Her mother’s glare turned from him to Linnea. “How many times do I have to tell you to work on your punctuality? What if we had guests?” As usual, Victoria looked like she’d stepped out of a salon on her way to the fanciest of restaurants rather than a quiet dinner at home and, as usual, her first concern was the opinion of others.


Linnea took her seat, automatically responding, “Sorry. I’ll try to do better.” Jeez, she was acting like it was an hour, not five minutes, she thought.


Philip rubbed his large hands together. “Bring on the chow. I’m famished.” He earned another glare.


As if she’d been waiting outside the door, Mrs. Lowe appeared with roast beef and gravy, mashed potatoes, vegetables and rolls. The sight of so much food when she wasn’t hungry drew a sigh from Linnea, but she dutifully filled her plate.


“How were things today?” Philip tucked his napkin in his collar.


“Fine, I guess. Oh, Ingrid says she’ll have her things cleared out next Sunday.”


“What a shame. She knows her stuff and the clients love her.” He shook his head. “I just can’t understand why we keep losing staff. They’re well-paid, they have a brand new facility to work in, but the only ones sticking around are Ron, Zoe, Pat and Daryl.”

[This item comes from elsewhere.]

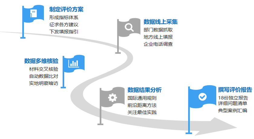 本项目共分为制定评价方案、数据线上采集、数据多维核验、数据结果分析和评价报告撰写等5个工作步骤。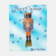 Ein traditioneller deutscher Holzfußkrecker, der einen Offizier mit einer blauen und orangefarbenen Uniform darstellt. Der Nutcracker wird auf einem blauen Hintergrund mit Schneeflocken überlagert. Es erscheint auch Text mit dem Text "Frohe Weihnachten". Fügen Sie Ihren eigenen zusätzlichen Text hinzu.

Before Linnea could complain about Daryl being late, Victoria cleared her throat. “I’m sure this is all very interesting, but we have more pressing matters to discuss. For instance, Linnea, I invited the mayor and his wife over. I expect you to spend the evening down here with us. The mayor


“I can’t. I’ve got an Algebra test to study for and an English essay to work on.”


“Don’t raise your voice at me and don’t interrupt me. I promised the mayor you’d entertain his daughter. You can do your homework after they leave. Do you understand?”


Linnea threw her father a pleading glance, but she knew he chose his battles wisely. She sagged in defeat. “Yes.”


“Good. They’ll be here by eight.”


She managed a few more bites before asking to be excused. Only after swapping her slacks for a skirt and putting on makeup did she start her homework.


At the sound of the doorbell, she headed down to greet the guests. Fatigue threatened her perfect posture while she feigned interest in the mayor’s daughter’s blathering about music videos and boy bands.


When they finally left at midnight, Linnea dragged herself upstairs and studied until two o’clock when she fell, exhausted, into bed, and set her alarm for another day’s work.